Phase 4 trials are conducted after the drug or treatment has been approved for marketing. They are designed to: Continue testing the drug or treatment to collect additional short-term safety information. Collect information about the effect of the drug or treatment in various populations. Collect information about side effects associated with long-term use of the drug.

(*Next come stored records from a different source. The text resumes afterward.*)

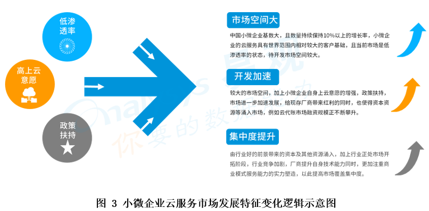 綜合以上,中國小微企業(yè)云服務(wù)市場具有低滲透率、政策扶持力度高、小微企業(yè)上云意識逐漸加強(qiáng)且上云意愿強(qiáng)烈的特征,加之市場上頭部服務(wù)商正在探索從產(chǎn)品服務(wù)模式向平臺服務(wù)模式的轉(zhuǎn)變,市場將迎來一些特征上的發(fā)展變化。現(xiàn)狀上,中國小微企業(yè)基數(shù)大,且數(shù)量持續(xù)保持10%以上的增長率,小微企業(yè)的云服務(wù)具有世界范圍內(nèi)相對較大的客戶基礎(chǔ),而當(dāng)前市場是低滲透率的狀態(tài),待開發(fā)市場空間較大。較大的待開發(fā)市場空間,加上小微企業(yè)自身上云意愿的增強(qiáng),政策扶持力度不斷加大,市場進(jìn)一步加速發(fā)展,給現(xiàn)存廠商帶來紅利的同時,也使得資本、資源等涌入市場,例如云代賬市場融資規(guī)模正不斷攀升。由行業(yè)好的前景帶來的資本及其他資源涌入,加上行業(yè)正處市場拓荒階段,行業(yè)競爭加劇,廠商提升自身技術(shù)能力同時,更加注重商業(yè)模式服務(wù)能力的實力塑造,以此提高市場覆蓋集中度。從而帶動整個小微企業(yè)云服務(wù)產(chǎn)業(yè)鏈產(chǎn)生同頻共振式增長狀態(tài)。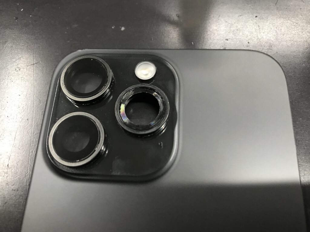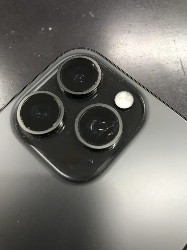 【iPhone15ProMax】広角カメラレンズに割れが入ってしまった…カメラレンズ交換で綺麗に直せますよ!
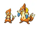 - Suspiciously Similar Substitute: Has the same elemental combination with the Generation III Fire starter (Fire/Fighting). Both starter families also have Glass Cannon stats.

ICH GCP refers to an Investigational Product as a pharmaceutical form of an active ingredient or placebo being tested or used as a reference in a clinical trial. In FDA regulations, an investigational new drug is any substance (such as a drug, vaccine, or biological product) for which FDA approval is being sought. A drug may be considered “new” even if it has been in use for years if a change is proposed in its use, formulation, route of administration, or packaging. A sponsor who wishes to conduct a clinical trial that involves an investigational new drug must submit an Investigational New Drug application (IND) to the FDA. Lawfully marketed drugs are exempt from the IND regulations if they meet certain criteria. Behavioral studies (like the ones conducted in the CTN) are not subject to investigational new drug regulations. Moreover, certain medication studies may be IND-exempt. It is important, nonetheless, that all researchers understand these regulations. The principle that research participants should not be exposed to experimental interventions unnecessarily, in an unsafe manner, or in a manner that fails to protect their rights is equally applicable to all studies involving human participants.